Он снял венок и бросил его наземь. Хоровод, до тех пор молчавший, стал ходить, и все запели:
Ой ты, батюшка, пойди,
Венок подыми!
Батюшка не захотел идти подымать, и парень стал опять ходить в круге. Он пел, упрашивал матушку поднять венок. Однако и матушка не подняла. Тогда парень в черной поддевке жалобно загоревал:
То – горе мое,
Гореваньица!
Головка моя
Спобедненькая!
Сердечко мое
Занывчатое,
Занывчатое,
Надрывчатое!
В избах услышали песню, и вскоре вокруг хоровода собрался народ. Старики стояли, важно опершись на длинные палки. В лугах перекликались дергачи, майские жуки гудели в прозрачном воздухе, ребятишки бегали за ними по выгону, сбивали их ветками. Бесшумно, словно во сне, мелькнула летучая мышь, на колокольне раза два жалобно крикнул сыч.
Кольцов тихонько отошел к изгороди, облокотился на слегу. Какая-то сладкая тоска охватила его, сжала сердце, заглушила все шумы. Медленно-медленно поплыли длинные звуки. Он вздрогнул: что это? «Часы», – догадался и поглядел на колокольню. Возле нее росли сосны. Их верхушки вырисовывались на лунном небе, как узорные, резные крыши теремов. С необыкновенной ясностью прозвенела строчка стиха. Кольцов легко вздохнул и улыбнулся. Вынул из-за пазухи потрепанную тетрадку и, послюнив огрызок карандаша, принялся записывать.
Мишака увидел, что Кольцов стоит один.
«Вишь ты! – с обидой подумал, – Шумел: гулять будем, а сам ушел». Кольцов стоял неподвижно, спиной к хороводу и что-то вроде бы разглядывал на ладони. Вроде бы напевал что-то. «С бусорью малый!» – весело рассудил Мишака и подобрался поближе.
Кольцов в самом деле пел:
Там, где терем тот стоит,
Я люблю всегда ходить…
Ночью тихой…
Запнулся, почеркал в тетрадке.
Ночью тихой, ночью ясной,
В благовонный май прекрасный, —
продолжил вполголоса. Напев был знакомый: «Ты стой, моя роща».
– Славная песня, – похвалил Мишака – Я такой не слыхивал.
– Да я, брат, и сам ее только-только схватил, – словно прислушиваясь к чему-то, сказал Кольцов.
– Ну-ка, ну-ка, – не отставал Мишака, – далее-то, далее как?
Ах, в том тереме простом…
Несколько парней подошли к ним и, послушав немного, стали подпевать.
– А что, – разошелся Мишака, – нешто девок кликнуть?
– Верно, верно, – раздались голоса. – Домашку, Любушку… Эти – мастерицы!
Вместе с девушками приплелся и Тимоша. Мишака запел, парни подхватили. Сперва робко, затем смелее вступили девичьи голоса, и уже слова:
Ах, в том тереме простом…
Есть с раскрашенным окном
Разубранная светлица,
В ней живет душа-девица, —
пропели ладно, уверенно, и Тимоша затейливо вывел жалобный напев на простецкой своей, но такой говорливой жалейке.

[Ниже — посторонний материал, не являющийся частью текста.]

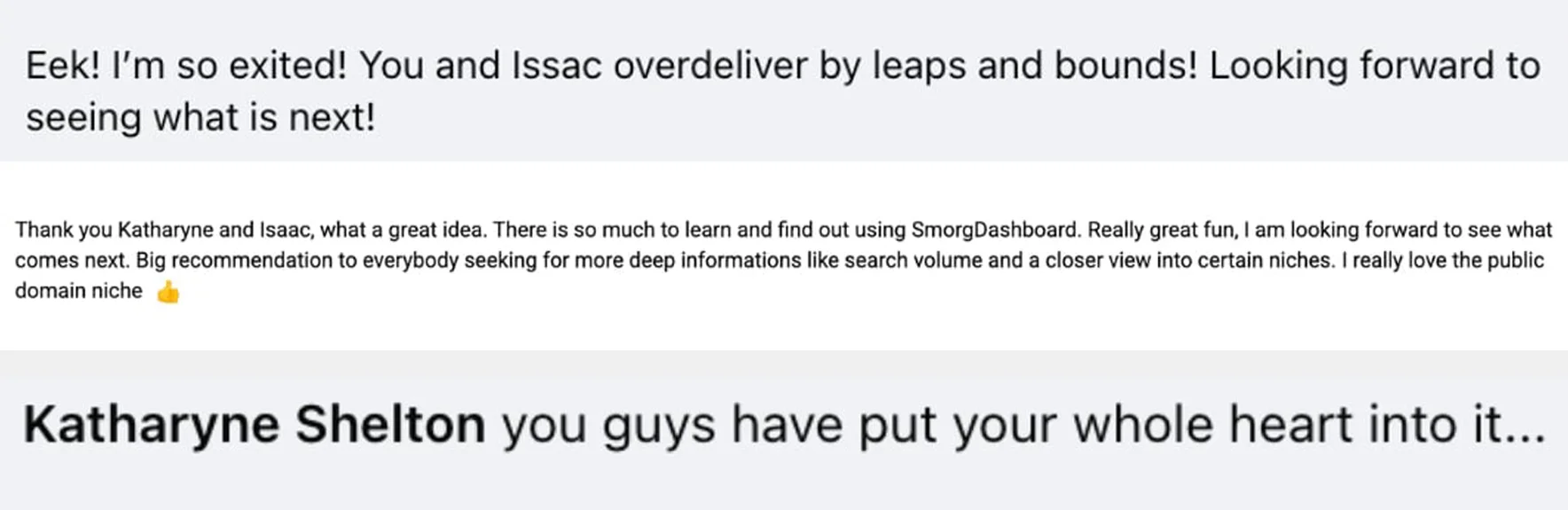 Our vision for Smorg was to create 21 collections (or ‘days’) of research. Our plan was to release a small data set each day, but it grew bigger and faster than we could imagine as we started adding additional data and tools. Many of the tools are worth the price of admission alone, with hundreds or even thousands of niche profiles and suggestions.
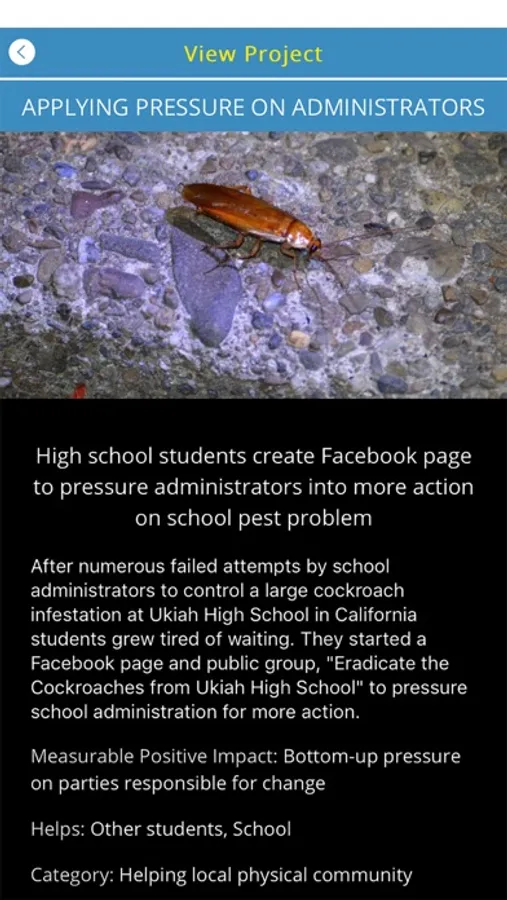 The Better Their World Student Project Database is a curated, freely-available listing of completed and potential real-world-projects with MEASURABLE POSITIVE IMPACT on the world.

– Стой! Стой! – крикнул вдруг Мишака. – Ты, Любушка, знаешь, пожалостней тут… Ну-ка, лапушка, ну-ка!
залились Любушка с Мишакой, —
– Эх, ты! – бросил жалейку Тимоша. – Спасибо и спасибо! – низко поклонился Кольцову. – Отогрел душу, милый же ты человек!
Когда Алексей собрался ехать к гурту, оказалось, что Мишака пропал. Возле изгороди на выгоне стояла одна кольцовская Лыска, Мишакиного мерина не было.
«Наверно, вперед уехал», – решил Кольцов и, попрощавшись с каменскими певцами, шагом поехал по улице к реке.
Село кончилось, над лугами шевелился туман. Кривою богатырской саблей сверкнула излучина Дона. «Вот и сложили песенку», – подумалось радостно. Над головой мелькнула ночная птица. А песня? Не та же ль птица? Не схватил – пролетела навсегда. И где, в какой дальней дали искать ее?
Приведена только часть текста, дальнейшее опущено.